Nightlands - Oak Island - Albums - Reviews - Soundblab

Nightlands - Oak Island

by Steve Reynolds Rating:6 Release Date:2013-01-22

Dave Hartley's secondment from his day job with War on Drugs restarts with his solo project Nightlands. He released his debut Forget the Mantra, which focussed on soft slabs of electronica and mellifluous, honey-dripping arrangements in 2010 and, following on from a two-and-a-half year hiatus, he is back with Oak Island.

Perhaps the cover of the album gives the game away as to what place Hartley is at cerebrally. Resplendent in silver, resembling a more statuesque Tin Man from The Wizard of Oz against a background of leafy woods, it could be read as the awakening of a man from a slumber ready to make a mark as an individual, showing the world he is ready to fight for his own musical cause and not just be another number in a band.

Hartley has a very sombre, almost withered spoken-word vocal delivery but he makes the most of his limitations on the church-like assemblage of 'So Far So long'. Most of 'Nightlands' is sedate but comes with a roomy sound and box-of-tricks production. Check out also the shuffling beats and eclectic fusion of brass and tempered guitar of 'You're My Baby', on which Hartley whispers, "We'd better run to catch the sun, it's setting fast, this breath could be our last", all splashing across a kaleidoscopic reprise.

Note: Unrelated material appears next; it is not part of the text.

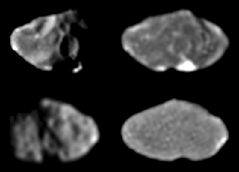 These four images of Jupiter's moon, Amalthea, were taken by Galileo's solid state imaging system at various times between February and June 1997. North is approximately up in all cases. Amalthea, whose longest dimension is approximately 247 kilometers (154 miles) across, is tidally locked so that the same side of the satellite always points towards Jupiter, similar to how the nearside of our own Moon always points toward Earth. In such a tidally locked state, one side of Amalthea always points in the direction in which Amalthea moves as it orbits about Jupiter. This is called the "leading side" of the moon and is shown in the top two images. The opposite side of Amalthea, the "trailing side," is shown in the bottom pair of images. The Sun illuminates the surface from the left in the top left image and from the right in the bottom left image. Such lighting geometries, similar to taking a picture from a high altitude at sunrise or sunset, are excellent for viewing the topography of the satellite's surface such as impact craters and hills. In the two images on the right, however, the Sun is almost directly behind the spacecraft. This latter geometry, similar to taking a picture from a high altitude at noon, washes out topographic features and emphasizes Amalthea's albedo (light/dark) patterns. It emphasizes the presence of surface materials that are intrinsically brighter or darker than their surroundings. The bright albedo spot that dominates the top right image is located inside a large south polar crater named Gaea.

If you're sat waiting to have your ears blown away, be aware that this album isn't gonna do it for you. If, however, you're expecting charming and enchanting pulses of warm sounds straight from Hartley's caring heart then yes, you're in the right place. 'Nico' is the major, upbeat piece of the album, blending a thickly strummed acoustic guitar against Hartley's helium delivery. At a flick of a switch, this could quite easily be one of The Flaming Lips' trippy psychedelic jams or even Animal Collective at their brain-addled best. 'So It Goes', meanwhile, comes with a motorik beat, creating an uneasy and fidgeted listen. The amount of polish and sheen on Oak Island is really noticeable with all the songs having a glistening feel, screwed down to the last note, which begs the question - could this be replicated live?

If anything detracts from this album, it's a lack of impetus and oomph at times, reflected on 'Born to Love', which feels slightly underwhelming and rather boring, to be blunt. Hartley is apparently in his 50s and it's rather impressive that he wants to continue his own musical output, honing his skills and applying all his previous experience in experimental sounds. However, his songs just don't hit home enough to really make Oak Island as successful as it should be.